(AVAILABLE RECORDS begins)
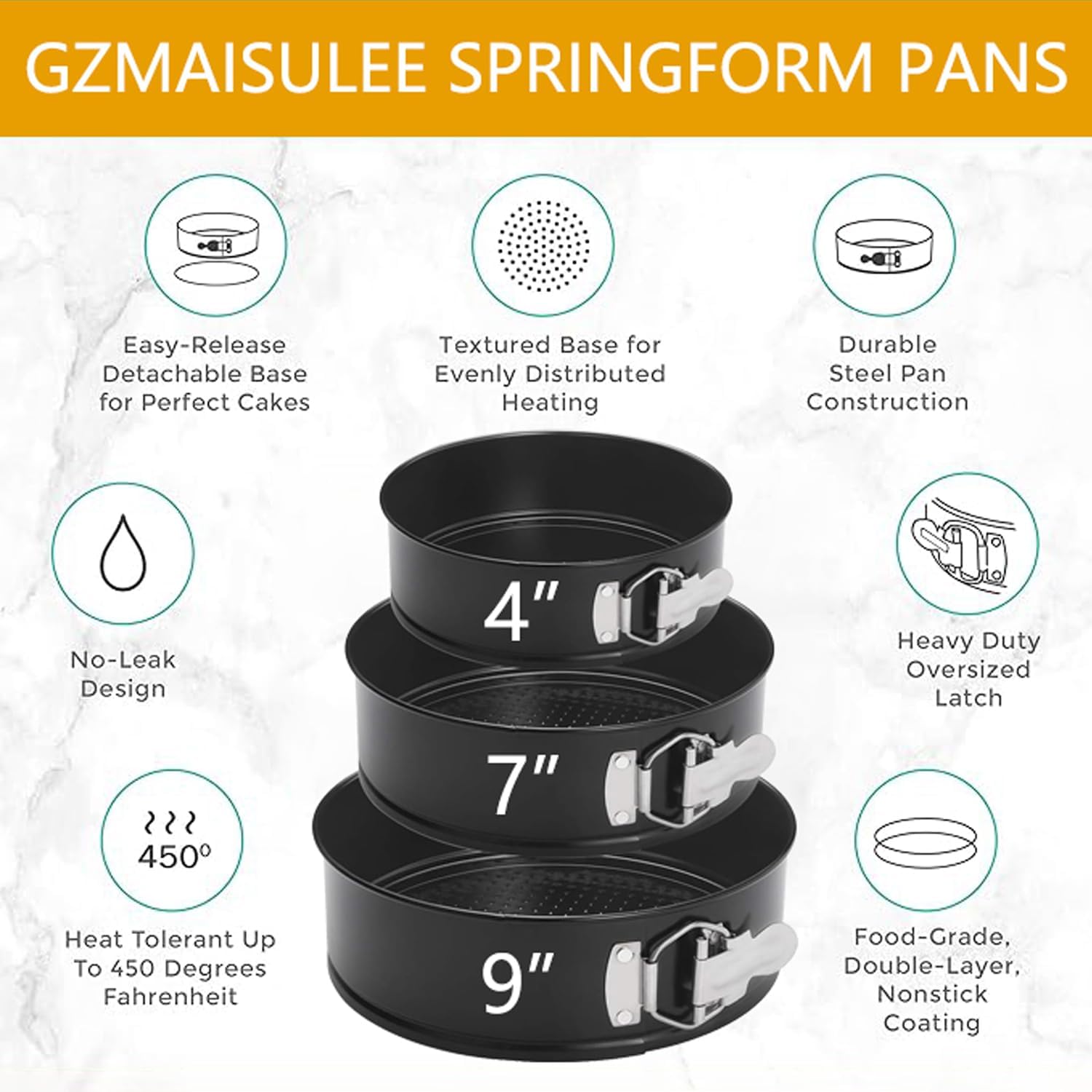 Springform Cake Pan Set of 3 (4, 7, 9 Inch) Round Leakproof Nonstick Cheesecake Pans with Removable Bottom Carbon Steel Bakeware
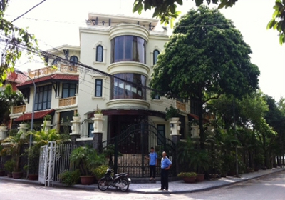 Ngôi biệt thự của ông Nguyễn Ðức Kiên tại Hà Nội, nơi ông bị bắt, xét nhà, tịch thu một số tài liệu. (Hình: Báo Lao Ðộng)
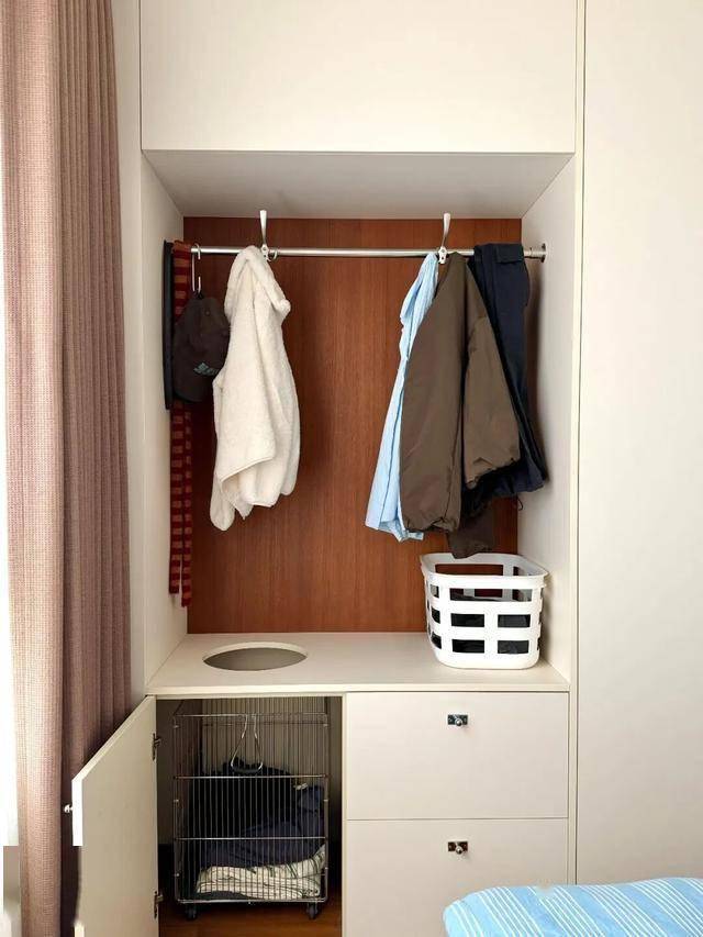所以,网友@麻团,就坚持给床尾的衣柜做了“留空设计”,专门收纳那些穿过但不需要洗的衣服。
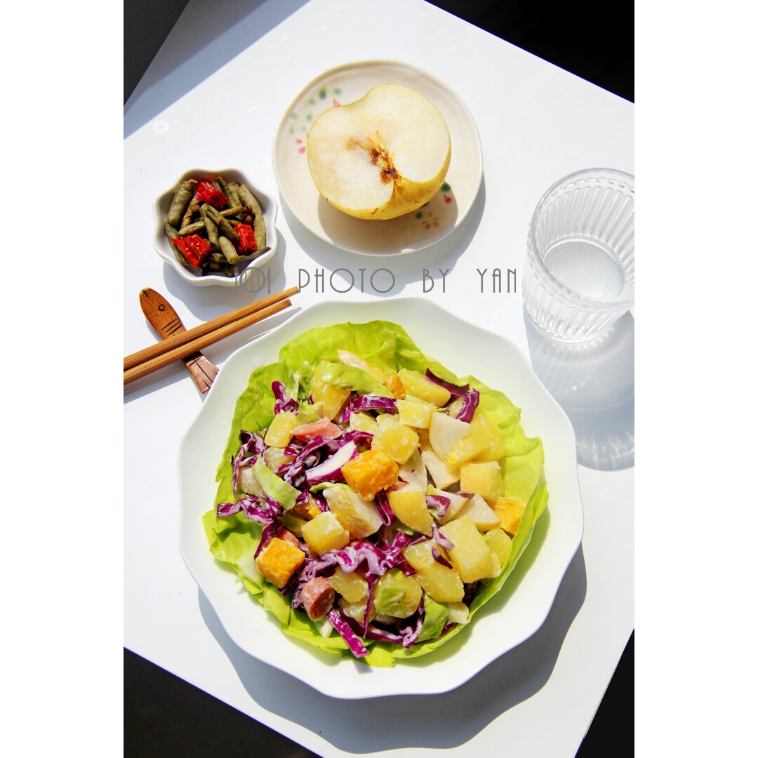 存图。醋溜西葫芦,水果,馒头,山楂片。
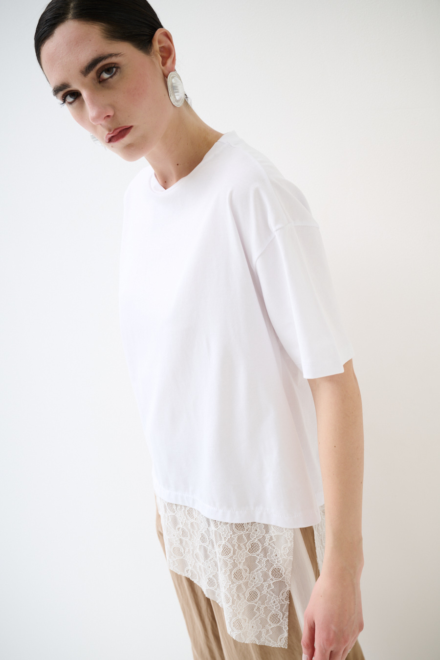 T-SHIRT COTONE CON PIZZO ASIMMETRICO BIANCO
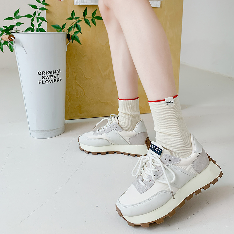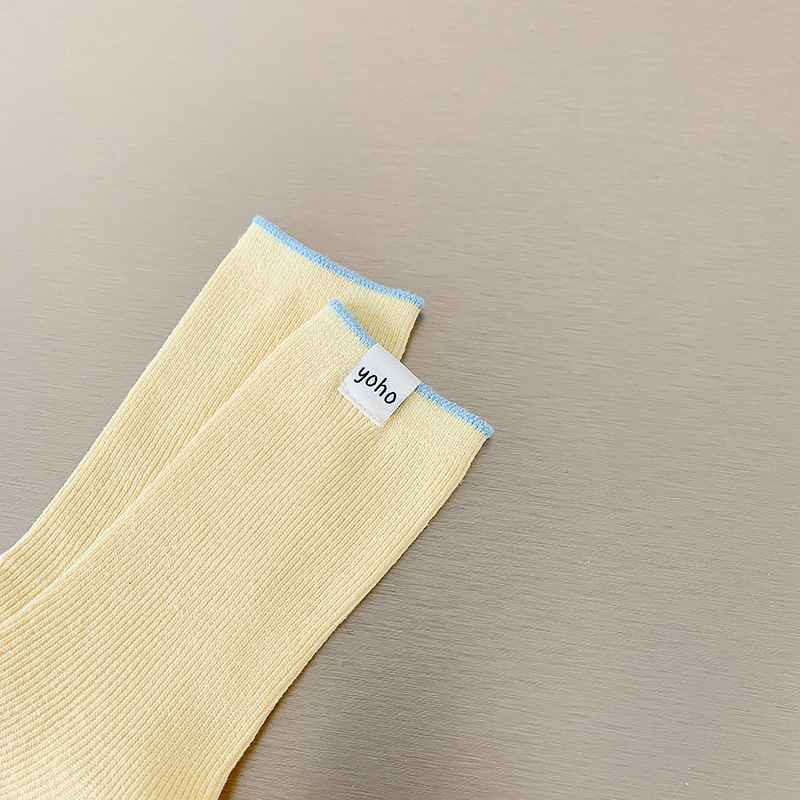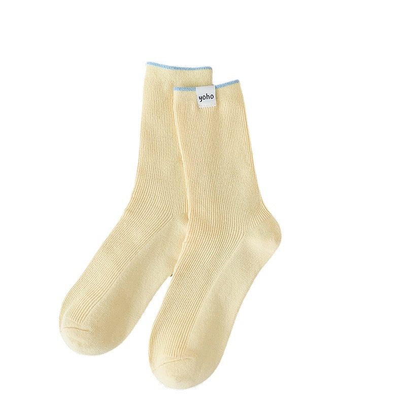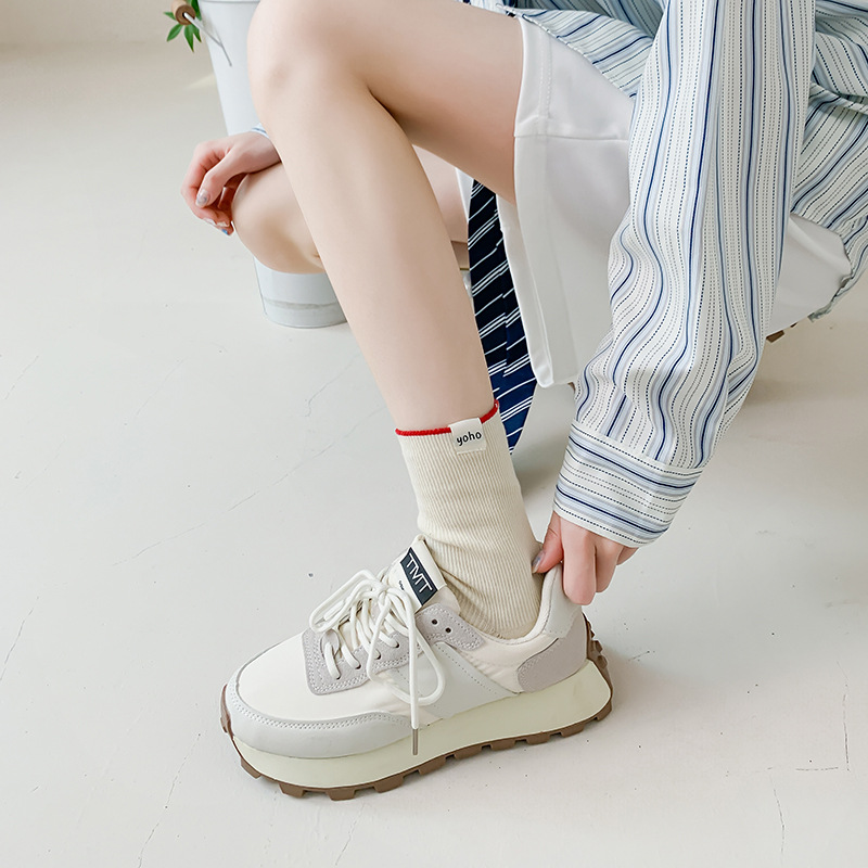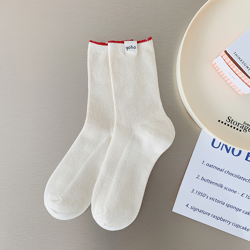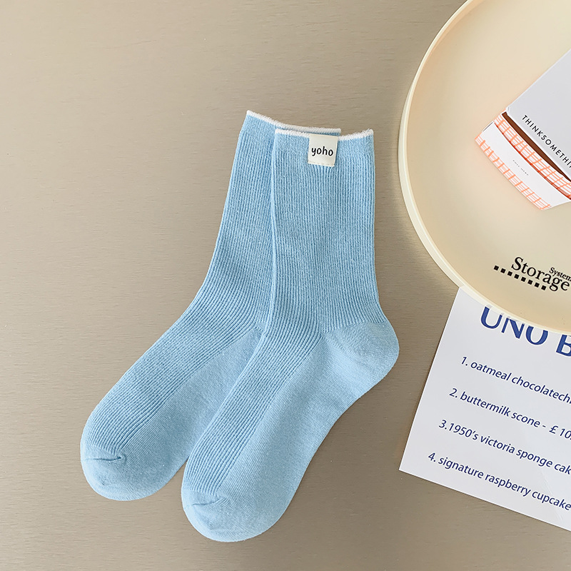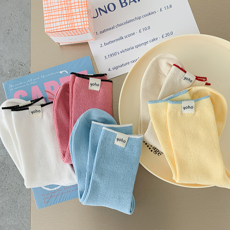 春夏新品袜子女纯色奶油英文布标运动中筒袜日系ins学院风堆堆袜
(AVAILABLE RECORDS ends)
▶ **DIRECTIONS**
Word for word, repeat the data above with the pictures left out.

▶ **SOLUTION TO THE PROBLEM**
 Springform Cake Pan Set of 3 (4, 7, 9 Inch) Round Leakproof Nonstick Cheesecake Pans with Removable Bottom Carbon Steel Bakeware
 Ngôi biệt thự của ông Nguyễn Ðức Kiên tại Hà Nội, nơi ông bị bắt, xét nhà, tịch thu một số tài liệu. (Hình: Báo Lao Ðộng)
所以,网友@麻团,就坚持给床尾的衣柜做了“留空设计”,专门收纳那些穿过但不需要洗的衣服。
 存图。醋溜西葫芦,水果,馒头,山楂片。
 T-SHIRT COTONE CON PIZZO ASIMMETRICO BIANCO
 春夏新品袜子女纯色奶油英文布标运动中筒袜日系ins学院风堆堆袜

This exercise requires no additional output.